Though there are some "positives", such as high foreign exchange reserves and a reasonably comfortable foodgrains stock to ensure that the prices do not escalate even in the worst drought year, Mr Rao avers thus: "One should be careful not to be complacent about the positives mainly because if there is capital account convertibility and no capital control, it does not take much time to wipe out the entire foreign exchange reserves."

Stating that the central issue for the Finance Minister, Mr Jaswant Singh, is to bring about fiscal consolidation, Mr Rao feels that even as the fiscal deficit needs to be reined in, there is the inevitable need to improve both infrastructure and the industrial climate and revive the sagging economy.

On the expenditure front, Mr Rao feels that lower interest rates and the swapping of high interest loans with low interest ones could reduce the interest burden, but the total volume of borrowing for own investments as well as for lending to States has been growing steadily. The crucial issue continues to be "incapacity of the Government to enhance allocative and technical efficiency of public spending. Unproductive spending continues to crowd out productive expenditure."

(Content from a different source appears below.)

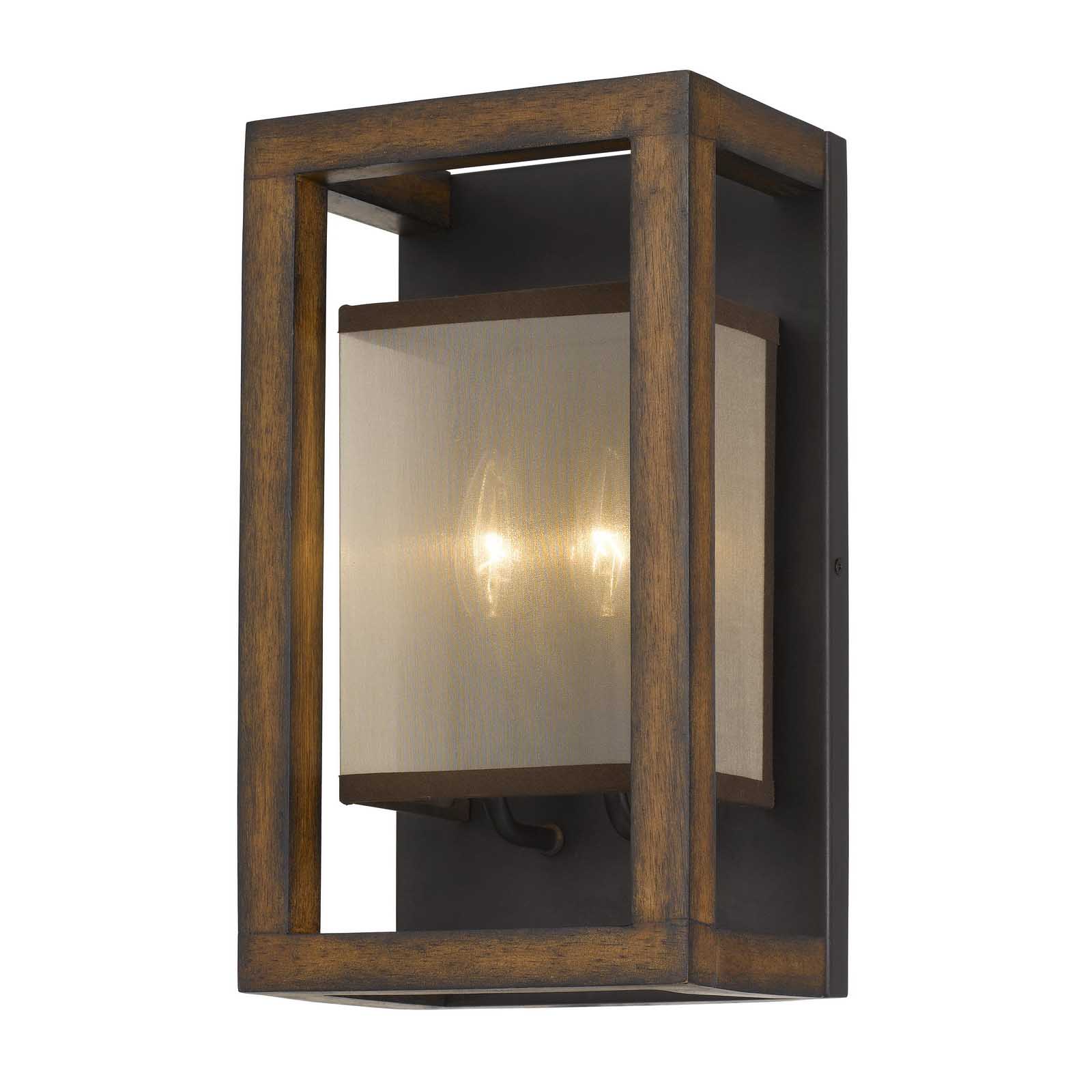 40W X 2 RUBBER WOOD WALL SCONCE WITH ORGANZA SHADE (EDISON BULBS NOT INCLUDED)

Fiscal consolidation, Mr Rao says, would not be achieved unless there is a marked increase in the tax-GDP ratio, which has declined by almost one percentage point during the last decade. While the Kelkar Task Force report has made a number of useful and implementable recommendations on both direct and indirect taxes, Mr Rao feels that "the proposals on getting rid of all exemptions, savings incentives and housing incentives are extremely important." The extant tax saving schemes "erode the tax base, do not push up the savings rate and, more important, distort the choice between different saving instruments."

Stating that it is better to avoid these tax preferences and have lower rates instead, Mr Rao underscored the need to increase the tax relief to cover savings up to Rs 50,000 in long-term instruments such as pension funds and life insurance. Also, he is not for totally exempting dividends from tax. The justification for exempting dividends is that, when corporate tax rates are brought on a par with the highest marginal personal income-tax rate and when all tax preferences are removed, taxing dividends results in double taxation. "The truth is that even if the tax rates are so aligned, it would be impossible to remove all tax preferences and, therefore, significant differences between statutory and effective tax rates will continue," Mr Rao said, adding that "it is necessary to tax dividends, by including 50 per cent in the total income of the taxpayers, as in Germany."

Referring to corporate tax and on the depreciation rate to be allowed, Mr Rao feels it is not advisable to alter the depreciation rates nor align the income-tax and company law rules.

On the controversial issue of taxing agricultural income, Mr Rao clarified that Kelkar panel has not, per se, proposed agricultural income-tax, but only taxing those who declare substantial incomes from agriculture — one of the easiest ways to evade tax and convert black money into white — in their returns. The amount so evaded is estimated at over Rs 1,000 crore. The proposal, therefore, is to have a tax rental arrangement with States, collect tax on these declared incomes and pass on the revenue to the States. This measure, Mr Rao feels, would "augment revenue, improve horizontal equity and counter tax evasion."

On service tax, Mr Rao says that the Kelkar Committee has closely followed the recommendations of the Expert Group on service taxation headed by him. One of the major proposals is that the tax should be general, not selective. The difficulty of having selective service tax is that each service will have to be defined, which would create interpretational problems. Service tax is important because the extant excise (Cenvat) is being converted into manufacturing VAT.

The other key recommendation is that the tax should be made concurrent, that is, where both the Centre and the States can levy the same. Mr Rao deplores that much of the proposed VAT levy is shrouded in secrecy and, as such, the time was ripe to lay out the roadmap for achieving full-fledged VAT.